# Loctite or not



## Autonuss (Jul 21, 2019)

I'm about to renew the front rotors and pads on my wife's 2014 Equipe. 
I will torque all the bolts to specifications. 
*Question is: *
Should I also use Blue (243) Loctite?


----------



## mitchd123 (Jul 27, 2015)

There's no need to use Loctite. There's a small chance it can burn off. LT243 is rated up to 360F, and pads and rotors can get slightly past this. Believe it or not some vehicles are designed so that when the rim is installed, it's impossible for the caliper to fall off. When one bolt falls out, the caliper will rub up against the inside of the rim alerting the driver something is wrong. You certainly don't want to test it. Torquing them should be more than adequate. Also fyi, any sort of liquid/lubricant can impact the torque #s, but most folks don't even bother to torque them.


----------



## kamnowa (Sep 9, 2019)

mitchd123 said:


> There's no need to use Loctite. There's a small chance it can burn off. LT243 is rated up to 360F, and pads and rotors can get slightly past this.
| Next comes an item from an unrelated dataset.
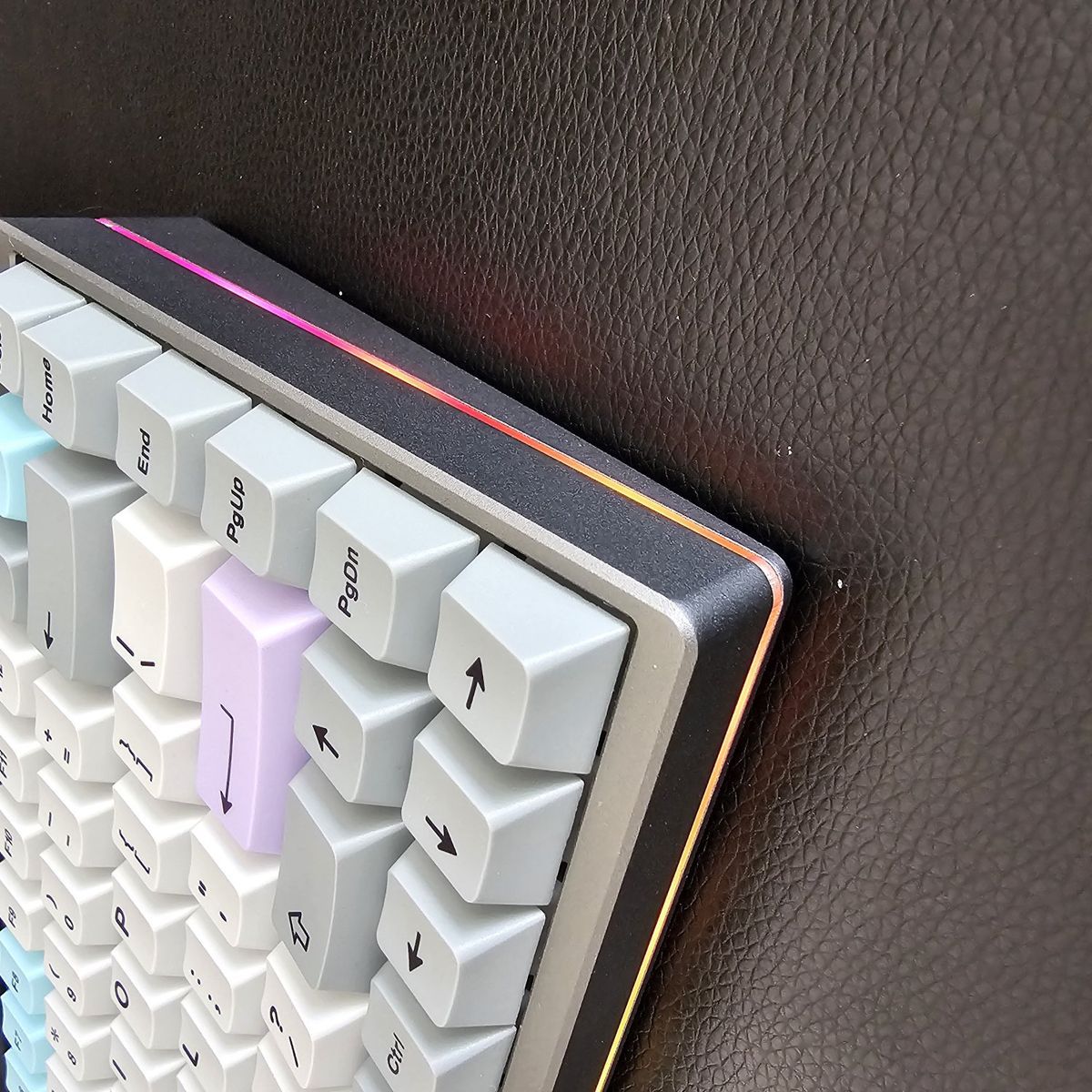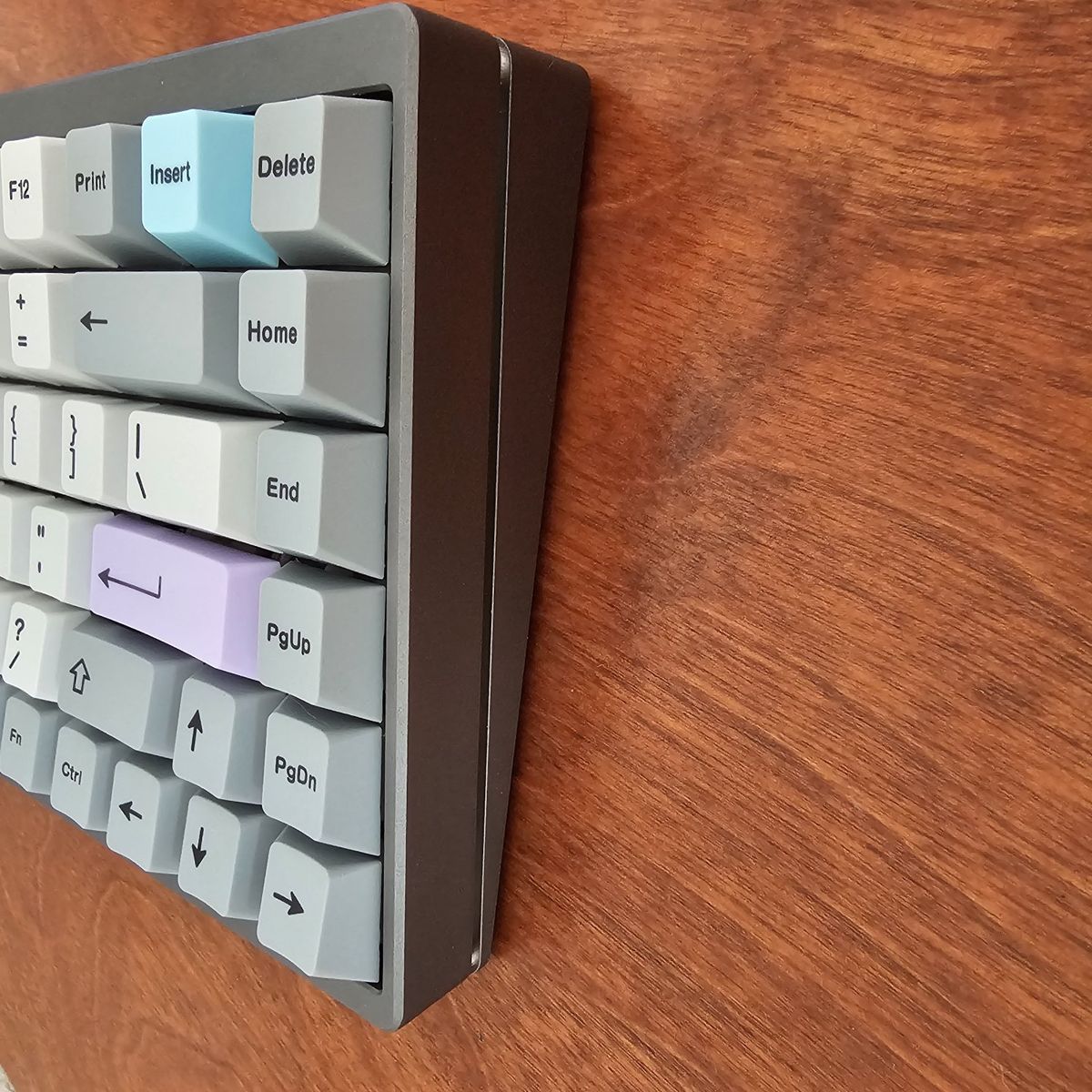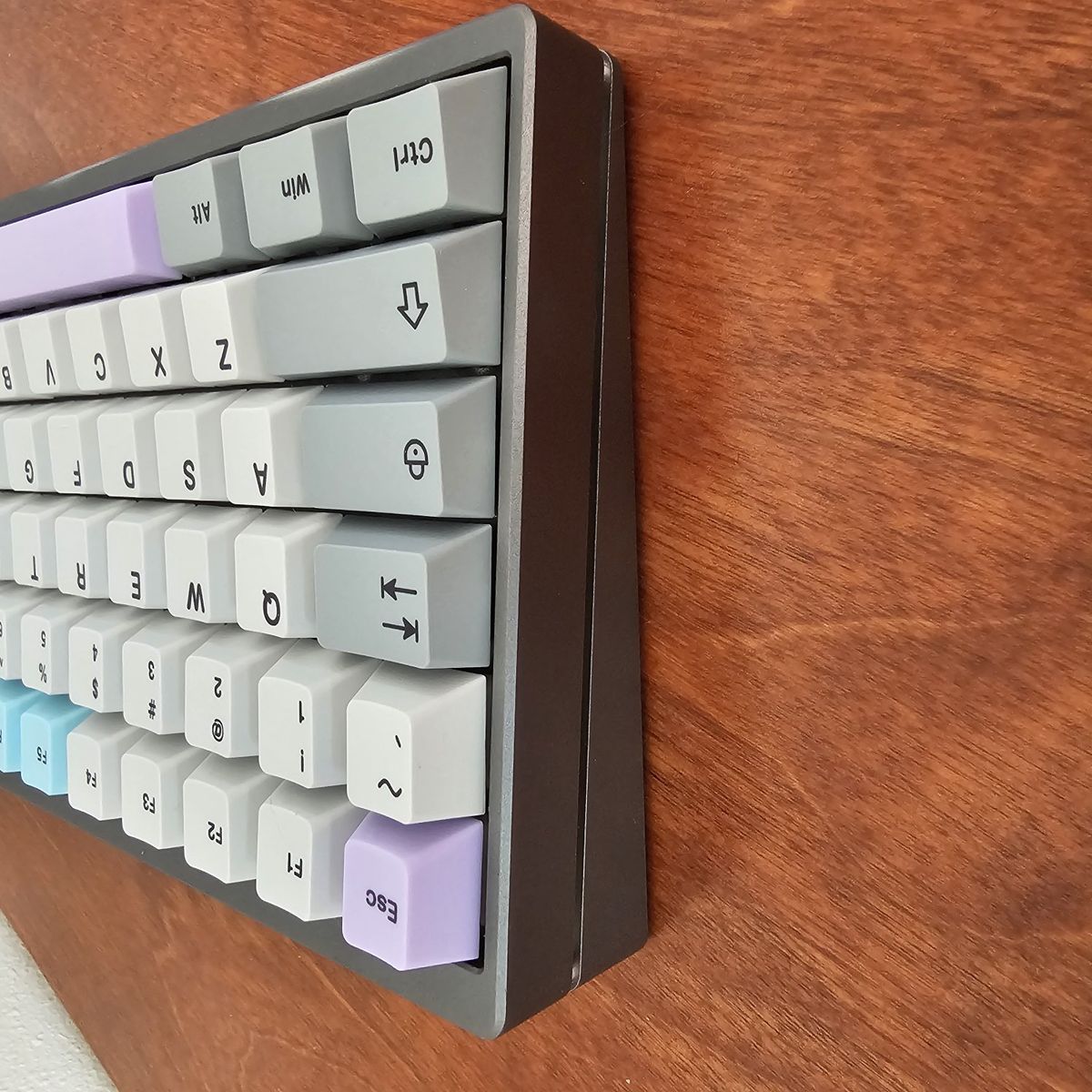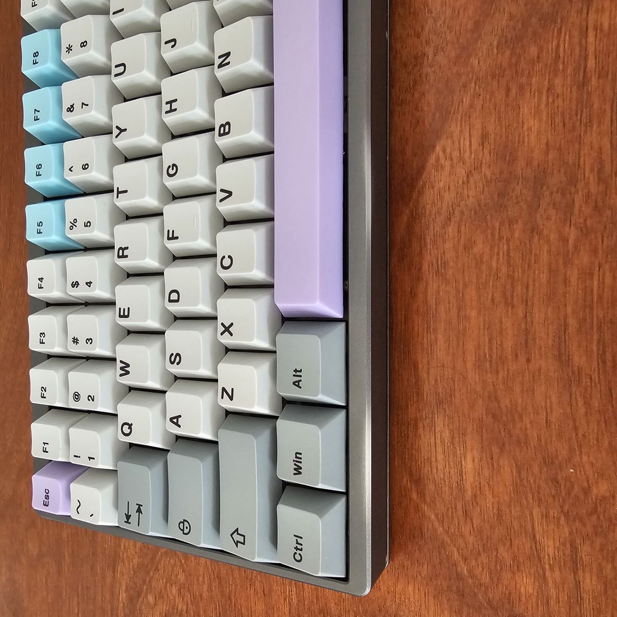 It features a compact 75% keyboard layout that still offers the F-Row Keys, as well as the Arrow keys in the bottom right. The PCB offers Hot-Swappable Switches and has RGB. It Currently has installed Gazzew Boba U4t Silent tactile switches which have all been hand-lubed with Krytox 205g0. Stabilizers were lubed with Krytox 205g0 as well and have been holee modded. It has been tape modded with 2-Layers and extra foam was added as well to help give it a more "Silent Thocky" sound profile. This is a great keyboard for the office to not disturb others or if you're trying to work late at night at home. It's also pretty heavy for a keyboard.

Believe it or not some vehicles are designed so that when the rim is installed, it's impossible for the caliper to fall off. When one bolt falls out, the caliper will rub up against the inside of the rim alerting the driver something is wrong. You certainly don't want to test it. Torquing them should be more than adequate. Also fyi, any sort of liquid/lubricant can impact the torque #s, but most folks don't even bother to torque them.


I agree! I do not recommend it too.


----------



## Blasirl (Mar 31, 2015)

No


----------